Consumption of stream water contaminated by oocysts and game meat are the most important risk factors contributing to the predominance of T. gondii wild cycle, especially in French Guyana6. Presence of felines or other infected animals are the main risk factors for food and water contamination35. Isolation of an atypical T. gondii strain in a wild jaguar supports the existence of a T. gondii wild cycle in the Amazon11. Waterborne outbreaks due to contamination with T. gondii oocysts have also been described1,4. Moreover, this type of transmission is associated with more severe clinical outcomes22.

On the other hand, people that participate in military operations do so under poor sanitary conditions and are exposed to biological factors in the new tropical environment10. Infection is the result of poor host adaptation to new strains. Thus, people who have been recently exposed to virgin forest are prone to developing the severe form of the disease. However, our patient was the only case reported from that brigade. His main risk factor was cooking and manipulating game meat. Thus, he developed a wildlife cycle. Unfortunately, since he was in the jungle for a military operation and frequently exposed to risk factors, it is difficult for us to determine the incubation period.

T. gondii strains from South America have atypical genotypes and higher diversity compared to the ones formerly described in North America and Europe.
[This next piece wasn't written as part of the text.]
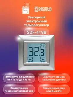 Терморегулятор серебро SDF-419B для тёплого пола
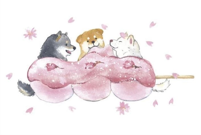 村田夏佳 春柄ポストカード しばいぬと春 桜団子

These atypical strains have been associated with a worse clinical involvement and outcome in mice and humans7,25,32. Cases of severe toxoplasmosis in immunocompetent patients reported in French Guyana, Brazil and Surinam suggest that atypical strains of T. gondii might induce an increased pathogenicity5,24. Severe cases of toxoplasmosis have been previously reported in French Guyana, Surinam and Brazil5,11,24. Patients commonly develop a generalized infectious syndrome with visceral involvement such as mild hepatitis, jaundice, atypical pneumonia, enlarged lymph nodes and less frequently, myositis and chorioretinitis5,14. Our patient developed an atypical pneumonia with cavities and pleural effusion. However, interstitial pneumonia is the most frequent pulmonary manifestation5,9,24,34.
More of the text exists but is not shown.